This is a follow-up of #946. We came to the conclusion that the algorithm behind find_split should be redesigned in order to decrease one step further the training time in decision trees.

Below is a summary of the strategies we discussed.

N = total number of training samples
N_i = number of training samples at node i
d = n_features.

Let's assume for now that max_features = d.

1. Building X_argsort is O(N log(N) * d)

2. On master, at each node, find_split is O(N * d). To build a fully developed tree, find_split has to be called O(N) times, which results in a cumulative complexity for find_split of O(N^2 * d).

In total, the complexity of building a single tree is then O(N log(N) * d + N^2 * d)
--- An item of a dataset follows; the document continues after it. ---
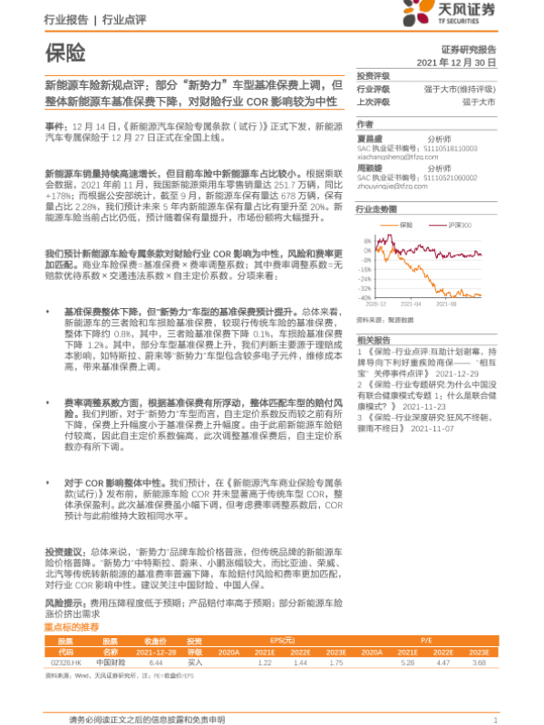【天风证券】【20211230】新能源车险新规点评:部分“新势力”车型基准保费上调,但整体新能源车基准保费下降,对财险行业COR影响较为中性-2页 行业研究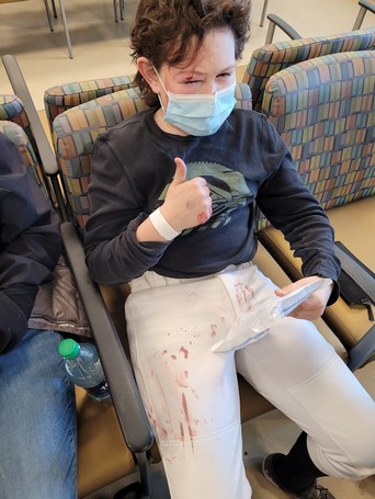 Then it was his turn to bat. Every kid got 20 chances to hit from a pitch. No kid before Jackson was able to make contact with the ball more than once. Jackson had three good contacts batting the ball well. Then our day got long. A pitch and Jackson takes a good swing at it but the ball just catches the edge of the thin neck on the bat and come straight up into his face. No chance to move. It hits straight in the eye and he falls saying “I can’t see” and blood pouring down his face. He was cut just above the eyelid and below the eyebrow. The other kids when they saw the blood were in awe. Jackson was extremely brave as they worked on him getting ice packs and trying to clean up blood. We drove him right to the emergency.

If T trees are built, the complexity is O(N log(N) * d + T * N^2 * d) since X_argsort is shared for all trees.

3. [Strategy A] Assume that we remove sample_mask and that, at each node, we rather reorder X_argsorted in a divide and conquer fashion.

In that case, at each node, find_split is O(N_i *d). To build a fully developped tree, find_split has to be called O(N) times, which results, if we further assume that the tree is balanced, in a cumulative complexity for find_split of O(N log(N) * d).

In total, the complexity of building a single tree is then O(N log(N) * d + * N log(N) * d).

If T trees are built, the complexity is O(N log(N) * d + T * N log(N) * d) but requires extra-memory of O(N*d * n_jobs).

4. [Strategy B] Assume that we remove X_argsort and sample_mask and that, each node, we sort the node samples
   along the considered features.

In that case, at each node, find_split is O(N_i log(N_i) * d). I don't exactly know the cumulative complexity in that case but my intuition is that it sould be should something like O(N log(N)^2 * d). Anyway, far less that O(N^2 * d).

In total, the complexity of building a single tree should be around O(N log(N)^2 * d).

If T trees are built, then complexity should be O(T * N log(N)^2 * d).

Overall, I think Strategy A is the best of all but the extra-memory required is a significant disadvatange.

Regarding Strategy B, theory says that asymptotically it is better than master, even for building ensemble of trees. However I agree that we should account for the constant factors behind this analysis. I remain convinced however that we should at least try and see! (I can work on that.)